L’ipotesi di uno shutdown sempre più imminente si fa strada tra i corridoi del Congresso degli Stati Uniti. Il rischio è concreto perché il termine ultimo per raggiungere un accordo è il 30 settembre. L’argomento è la spesa pubblica ma la possibilità di una mediazione sembra essere definitivamente saltata dopo che lo speaker Kevin McCarthy ha dichiarato di non voler mettere ai voti la risoluzione per l’esercizio provvisorio.
La situazione di stallo sembra essere irrisolvibile e la Casa Bianca si prepara a fare i conti con lo shutdown. Ciò, nel concreto, comporterebbe ad un numero elevatissimo di dipendenti federali che non riceveranno lo stipendio. Diverse agenzie sono pronte a mettere in congedo non retribuito i propri lavoratori. Sulla questione è intervenuto direttamente il presidente Joe Biden:
A questo si aggiunge una nota di Moody’s, la nota agenzia di rating, che afferma di essere intenzionata a togliere la tripla A agli Stati Uniti nel caso non dovesse esserci una risposta di politica fiscale efficace.
L’attuale situazione di paralisi del Congresso non sarebbe la prima a decretare uno shutdown, la cui gravità è direttamente proporzionale alla sua durata. Per ritrovare la sospensione delle attività governative più lunga della storia recente non serve fare un grande passo indietro. La medaglia d’oro va all’amministrazione guidata da Donald Trump che, tra il 2018 e il 2019, causò il blocco per 34 giorni.

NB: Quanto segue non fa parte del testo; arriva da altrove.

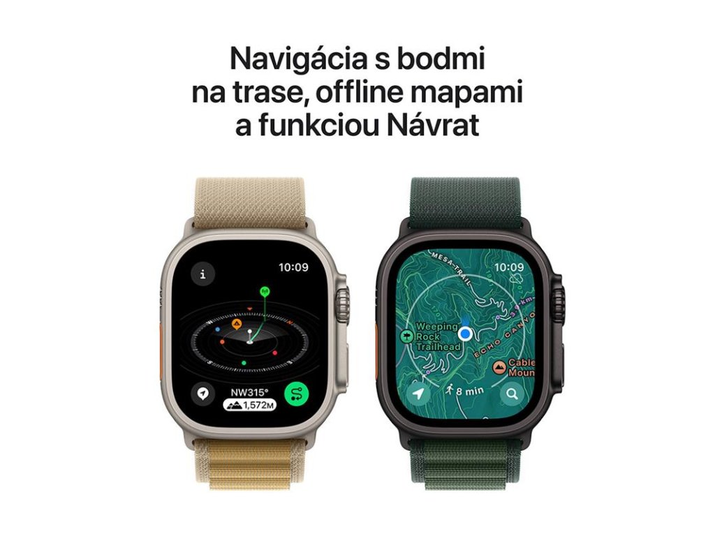 Apple Watch Ultra 2, dokonalé sportovní a dobrodružné hodinky, jsou nyní dostupné v saténově černém titanovém provedení. Jsou vybaveny vícedenní výdrží baterie, přesným dvoufrekvenčním GPS a vůbec nejjasnějším displejem Apple. Má také odolné titanové pouzdro, safírové přední sklíčko a přizpůsobitelné tlačítko Action. PROČ APPLE WATCH ULTRA 2-Seznamte se s dokonalými sportovními a dobrodružnými hodinkami. Pokročilé funkce pro běžce, cyklisty, plavce, turisty, potápěče a další. Odolné titanové pouzdro, nyní dostupné v saténové černé barvě. Superjasný Always-On Retina displej. Neuvěřitelně přesné přesné dvoufrekvenční GPS. Výkonné funkce pro zdraví, bezpečnost a konektivitu. A výdrž baterie až 36 hodin při běžném používání a 72 hodin v režimu nízké spotřeby. EXTRÉMNĚ ODOLNÉ, NEUVĚŘITELNĚ SCHOPNÉ-49 mm titanové pouzdro odolné vůči korozi. Safírové přední sklíčko. Velká korunka Digital Crown a přizpůsobitelné tlačítko Action pro okamžité ovládání různých funkcí. Testováno podle MIL-STD 810H. Vodotěsnost 100m. SVOBODA CELULÁRNÍ SVOBODY-S plánem mobilních služeb můžete volat a psát, aniž byste měli iPhone nablízku. Streamujte svou oblíbenou hudbu a podcasty. Získejte trasu pomocí Map MAXIMALIZUJTE SVŮJ TRÉNINK-Pokročilé metriky, zobrazení a zkušenosti v aplikaci Workout, včetně zón srdeční frekvence, vlastních tréninků a tréninkové zátěže, které vám mohou poskytnout přehled o vlivu vašich tréninků na vaše tělo v průběhu času. PRO BĚŽCE-Precizní dvoufrekvenční GPS pro neuvěřitelnou přesnost. Automatická detekce trasy. Pokročilé metriky běžícího formuláře, které vám pomohou pochopit, jak efektivně běháte. Přizpůsobitelné tréninky, které mohou zahrnovat zahřátí, intervaly zotavení a čas na ochlazení. PRO CYKLISTY-Výkonné metriky posouvají vaši jízdu na kole na další úroveň. Prohlédněte si svou rychlost, tepovou frekvenci a nadmořskou výšku v zobrazeních tréninku. Spusťte cyklistické cvičení z hodinek a na vašem iPhone se automaticky zobrazí jako Živá aktivita, díky čemuž bude lépe vidět. Připojte se přímo k příslušenství Bluetooth, jako jsou měřiče výkonu, abyste viděli funkční prahový výkon a kadenci. PRO TURISTY-Offline mapy vám umožňují navigovat pouze pomocí hodinek Apple Watch. A aplikace Compass je vybavena základními navigačními nástroji, jako jsou aktuální kurz, nadmořská výška, zeměpisná délka a šířka. Najděte poslední místo, kde jste měli mobilní příjem. Označte svou polohu pomocí trasových bodů kompasu. Pomocí Backtrack zmapujte, kde jste byli, a zopakujte své kroky. PRO PLÁVCE-Automatická detekce zdvihu, počet kol, mezičasy, série a přizpůsobené tréninky pro bazénové plavce. Plavci na volné vodě si mohou zobrazit mapu trasy v souhrnu tréninku. Sledujte příliv a odliv na více než 115 000 plážích po celém světě pomocí aplikace Tides. PRO POTÁPAČE-Plné možnosti potápěčského počítače s aplikací Oceanic+ app. Snímá hloubku do 40 metrů spolu s teplotou vody. Certifikováno podle EN13319. POKROČILÉ FUNKCE ZDRAVÍ A BEZPEČNOSTI-Udělejte si EKG. Získejte upozornění, pokud máte vysoký nebo nízký srdeční tep. Prohlédněte si metriky nočního zdraví. Sledujte kyslík v krvi. A uvidíte, kolik času jste strávili v REM, Core nebo Deep spánku s fázemi spánku. Automaticky se připojte k záchranným službám v případě tvrdého pádu nebo těžké autonehody. A stisknutím tlačítka zavolejte nouzovou pomoc nebo aktivujte sirénu.Kód produktu: ISTAWAPMX5U3

L’ex presidente sta oggi dominando le prime pagine dei giornali: se da un lato proseguono i suoi guai con la giustizia (è di ieri la notizia di un’accusa di frode), dall’altro i sondaggi lo dichiarano stabilmente ai primi posti per la corsa alla Casa Bianca. Alle prossime elezioni statunitensi si profila un nuovo scontro tra Biden e Trump e questa volta l’esito, almeno secondo i sondaggi, sembra essere molto diverso.